Menzel spent two weeks in Bad Harzburg in July 1868. He always carried a carpenter’s pencil and his sketchbook, and from the great number of his sketches, six motifs were selected for this picture sheet and engraved on wood by the wood engraver Kunz. In the central image of the sheet, you can see the family of his sister riding donkeys through the Harz Mountains. There’s also the donkey driver, a boy of about ten years old, probably from the Neustadt village school. Boys like him helped to support their families through their work. It could happen that they had to walk not only up to Harzburg, but twice a day up to the Brocken. The Brocken trip led from Harzburg either via Burgberg, Rabenklippe and Molkenhaus or directly via Molkenhaus, 1 thaler for the donkey, 15 silver groschen for the donkey driver on the direct route, 17½ silver groschen for the donkey driver on the longer way. Soon after the turn of the century, ponies replaced the donkeys – and by the mid-1920s, even this means of transport fell victim to the craze for speed. “Eselsborn” and “Eselsstieg” were old field names that have since disappeared from Bad Harzburg.

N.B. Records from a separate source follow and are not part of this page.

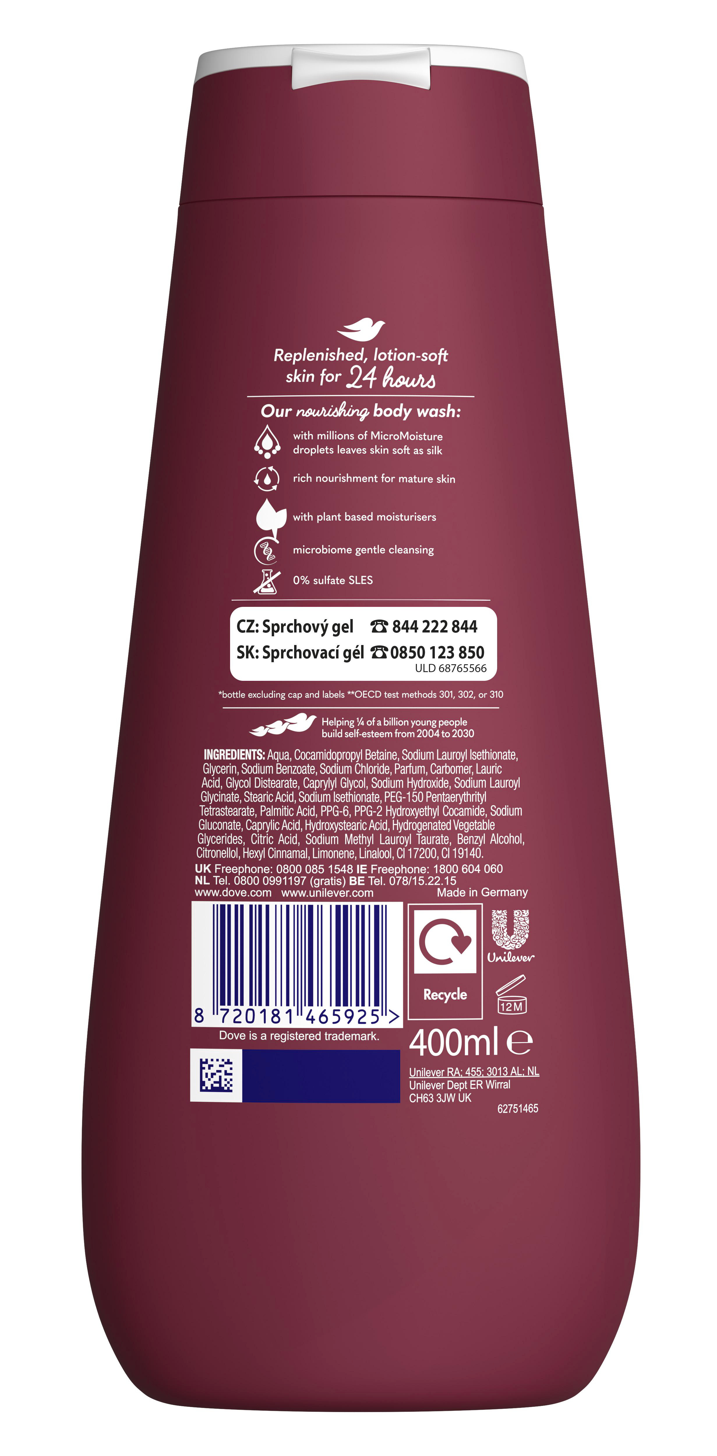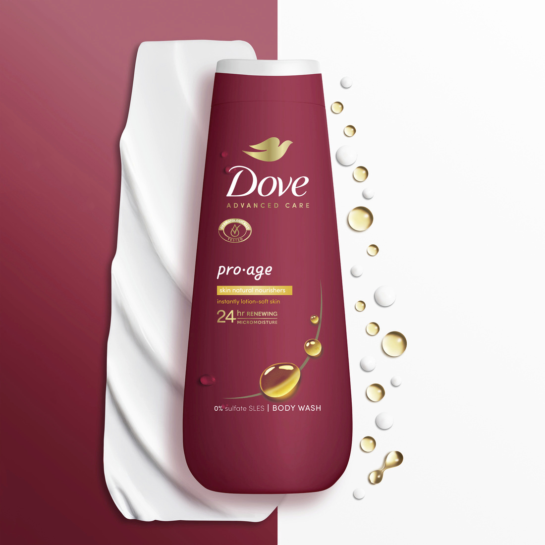 - Sprchový gel Dove Pro Age byl vyvinut tak, aby pečoval o zralou pokožku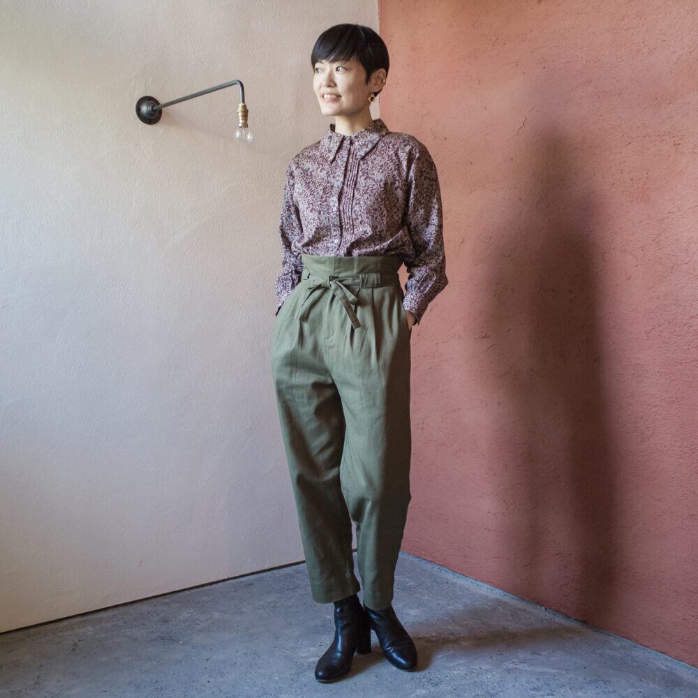 ヒップ周りはゆったりですが、タックがあることで納まりよくコンパクトに。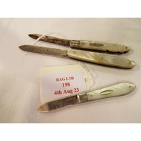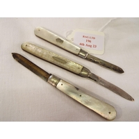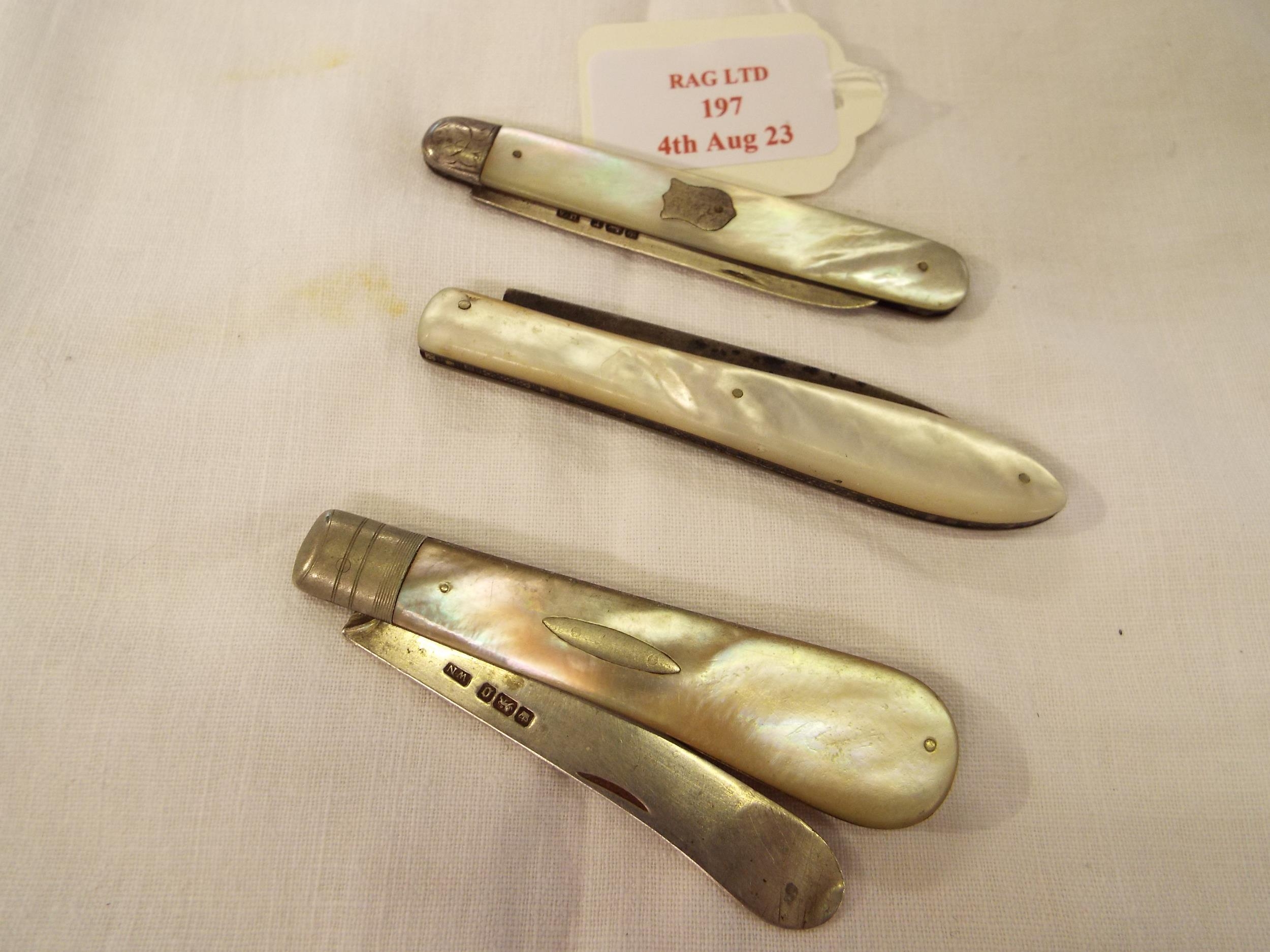 Three Sheffield silver and mother of pearl fruit knives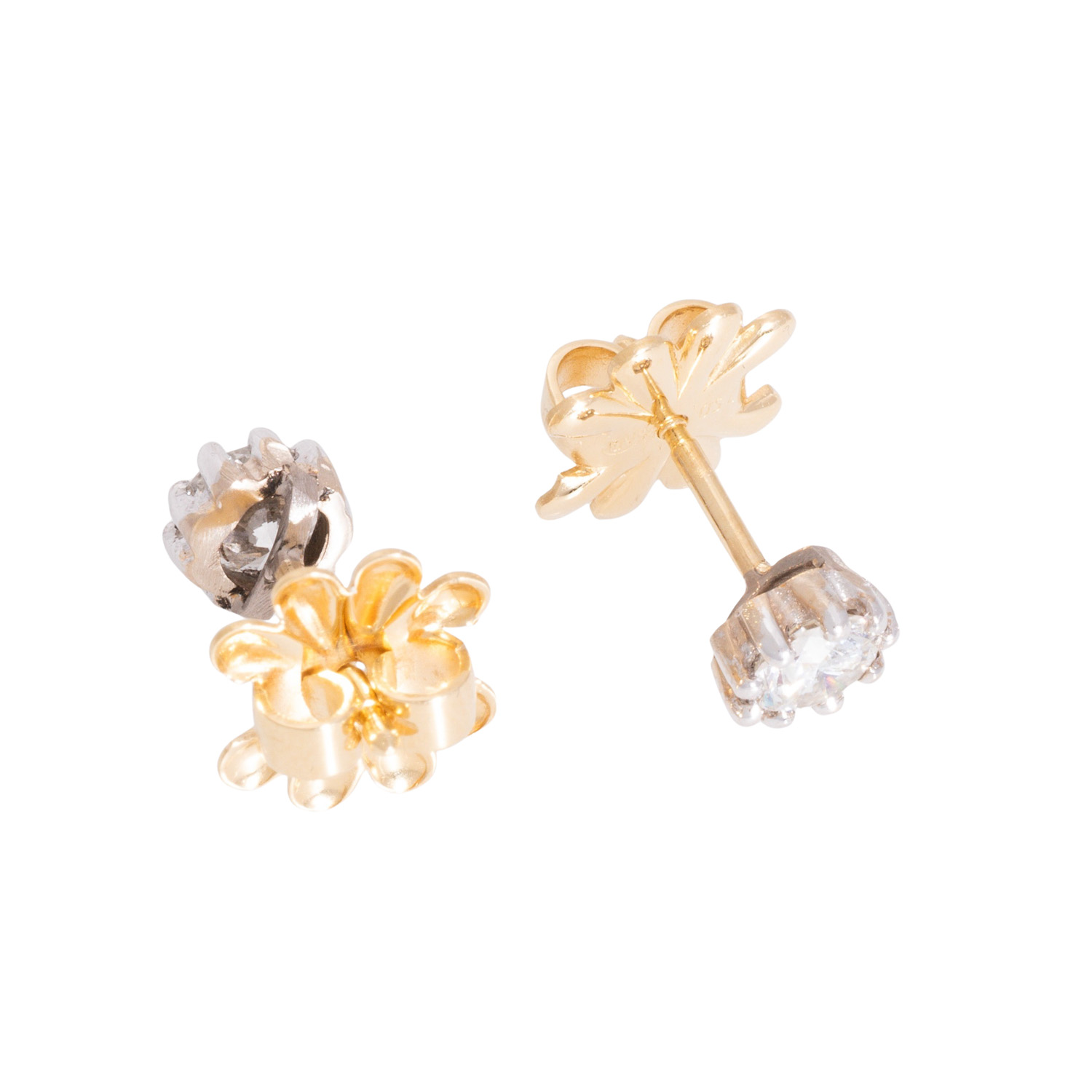 Pair of stud earrings with 2 brilliant-cut diamonds totalling ca. 0.9 ct, WHITE (H)/VS, YG/WG 18K, 2.2 g, 21st century, good condition.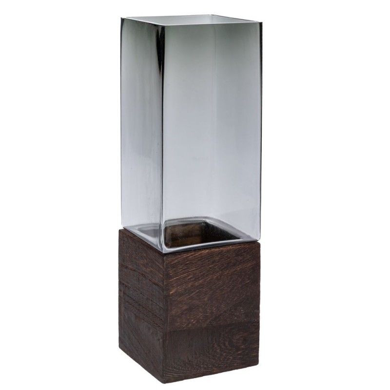 Βάζο Γυάλινο-Ξύλινο Γκρι-Καφέ 10x30εκ. iliadis 91956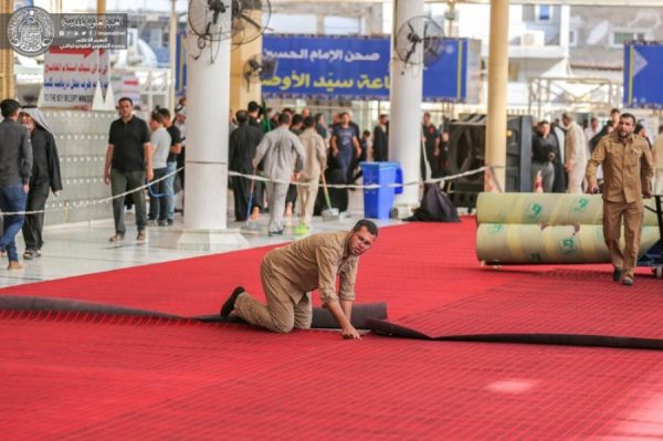* استنفار خدمي لغسل الشوارع والطرق المؤدية الى الصحن العلوي المقدس من قبل قسم الشوؤن الخدمية وشعبة الآليات الخدمية والأقسام الساندة بعد إنتهاء مراسيم الزيارة للأيام العشرة الأولى من شهر محرم الحرام.

What Menzel observed in Harzburg

With a wink, Menzel made the choice of images for the picture sheet. One person immortalises himself in the trunk of a beech tree. You can see a lady hurrying back across the yard to the guesthouse from the secret little place (as was common practice well after the Second World War). Meanwhile, the chickens are scratching around on the dung heap, and Menzel hid no fewer than four cats in this picture. With a social eye, he also added an image of the basket women and cart pushers, who belonged to the Harz scenery just as much as the spruces and the mountainous ravines, and of course once again the nieces and nephews, delighted by the flock of geese. At the bottom left, he also shows a glimpse of the sophisticated spa life in the bathing and inn complex of Juliushall. The company has settled down, sheltered from sun or rain. Snacks were served, and the band played every Sunday. Nature was merely the backdrop for this world transplanted here from the city. By the way: the promenade hall of the brine bath in Juliushall, which can still be admired today, is not visible here; it was only built in 1898, thirty years after Adolph Menzel’s stay.

When holidays didn’t yet exist

Menzel didn’t know the word “holiday” yet; it wasn’t until around 1900 that the term was established as a legally granted permission (holiday) for rest. Three to six days. Menzel said “summer retreat” and used that as the title for his picture sheet. In fact, he was always drawing, so he was working here as well. The Stuttgart publisher Gustav Weise released six motifs from his numerous sketches as a picture sheet. Menzel’s name had become a selling point. But this also shows that Menzel didn’t despise the printmaking of his youth, even as an older painter. A picture sheet had a high print run, cost one penny, two if coloured. Such a picture could be pinned to the walls of a living room, gather dust and fade for decades, yet still awaken a longing for a summer retreat in everyone who couldn’t (yet) afford it.